Es ist ein schlechter Ort, um sich in Sicherheit zu bringen. Die fünf Fuß hohe südliche Lehmwand, die das Gelände umschließt, ist zu kurz, um guten Schutz zu bieten. Ein kleiner Erdhügel in der Mitte des Geländes dient als eine Art Ausguck. Im Inneren des Lehmhauses befinden sich zwei winzige Räume: eine Küche mit einem kleinen Kochherd und ein Schlafzimmer mit drei mit Schnüren verbundenen Feldbetten. Ein enges Quartier, in dem ein Zug von 30 Mann ein Sperrfeuer abwarten kann.

Die Kommandos kauern in einer Reihe entlang der Südwand, springen auf, um zu schießen, und rutschen ab, um neue Magazine in ihre M-4-Gewehre zu schieben. Wellen von Schüssen aus Maschinengewehren, Gewehren und gelegentlicher Panzergranate setzen sich in Form von Dröhnen, Knacken, Pfeifen und Knallen fort. Die Schüsse verstummen für einen Moment, um dann wieder aufzubrausen, sobald ein afghanischer Soldat das Feuer eröffnet.
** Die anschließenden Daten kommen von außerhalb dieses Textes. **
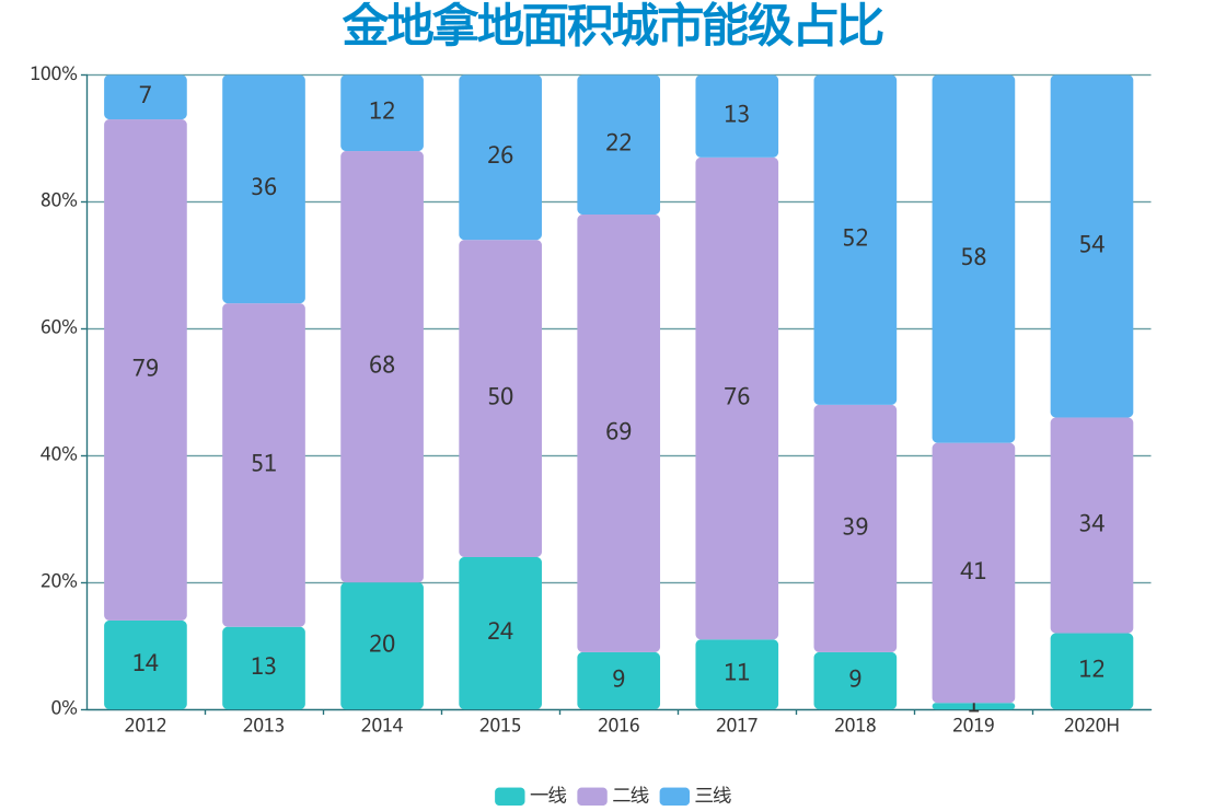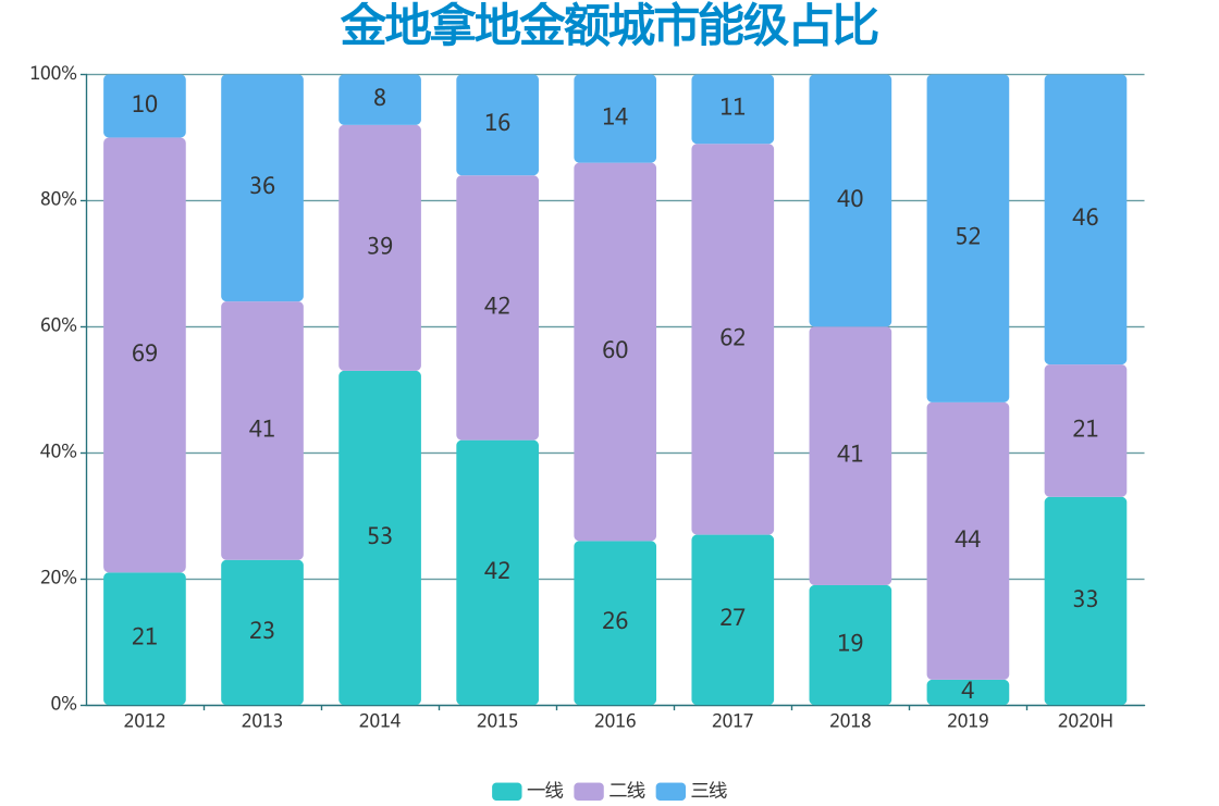 拿地金額占比亦是如此,2018年到2020年半年度,金地三線城市布局金額明顯提高,分別達到40%、52%、46%。
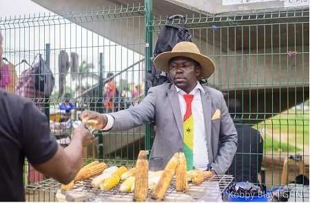 On health, the stylish corn seller believes he is probably Accra’s “best seller of good healthy roasted corn” as he doesn’t allow his customers to touch the corn until after they have purchased it from him. He enthused to Blay, “I don’t want my customers to blame me for cholera”
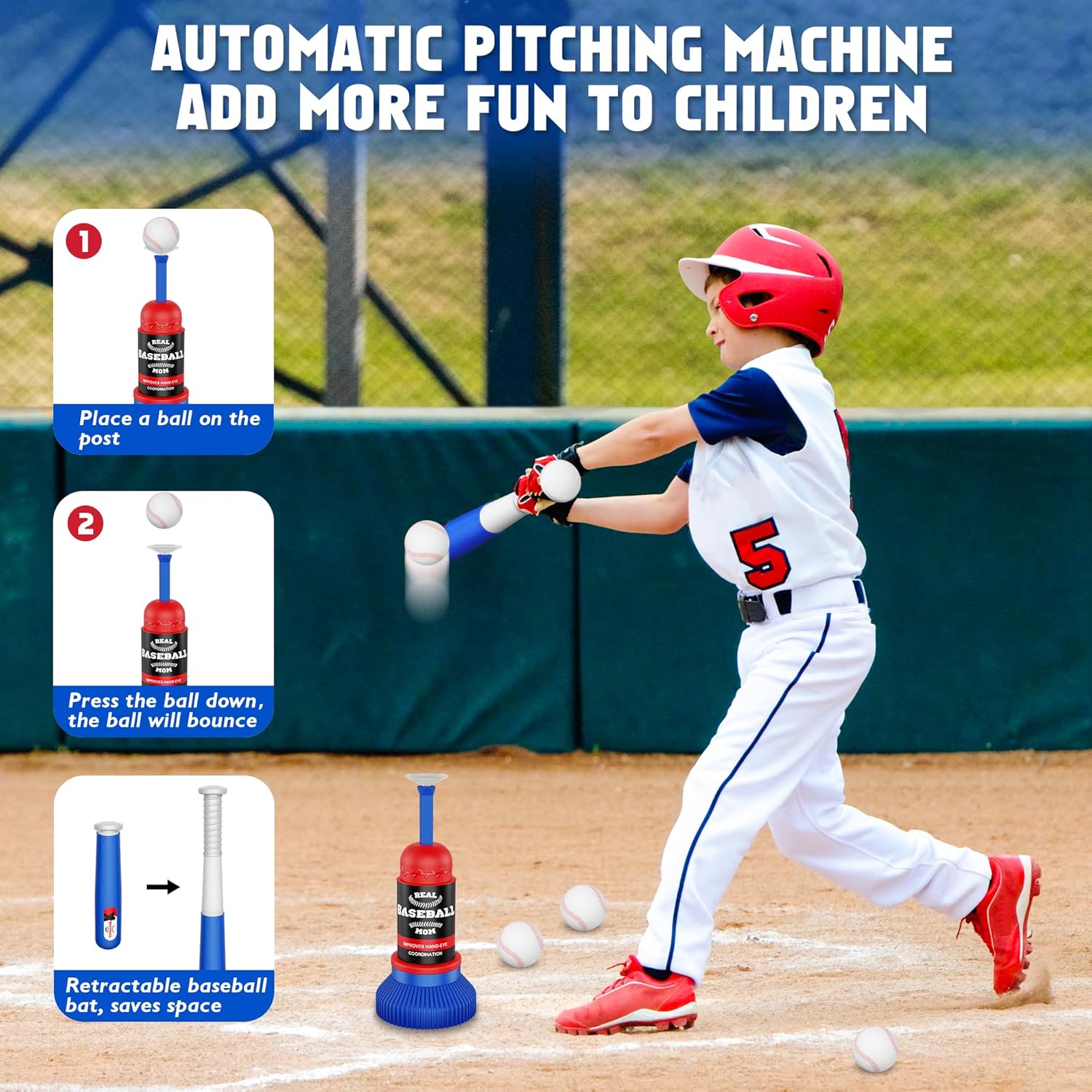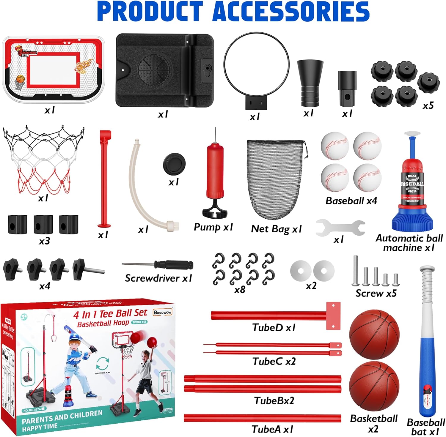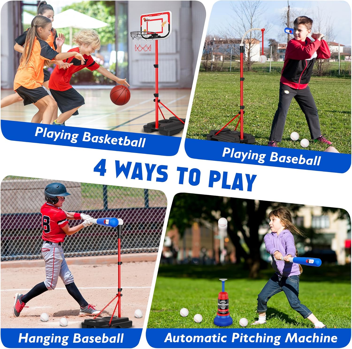 4 in 1 Versatile Sports Toys: 1. adjustable height basketball hoop: with 2 basketballs and 2 hooks, 2. automatic pitching machine: pop up the baseball that needs to be hit automatically, 3. hanging baseball hoop: experience a new way of hitting ball, great for beginners to practice, 4. T ball stand: with a baseball bat and 4 baseballs

Feuergefechte dauern normalerweise nicht lange, vielleicht 10 bis 15 Minuten, obwohl sie sich wie Jahre anfühlen können. Dieses Mal ist es anders. Die Schießerei geht weiter und weiter. Die Aufständischen müssen über ein großes finanzielles Polster verfügen, um so viel Munition auf die Schießbahn werfen zu können. Das ist keine bunt zusammengewürfelte Gruppe, die die Kommandotruppen angreift. Das ist ISIS.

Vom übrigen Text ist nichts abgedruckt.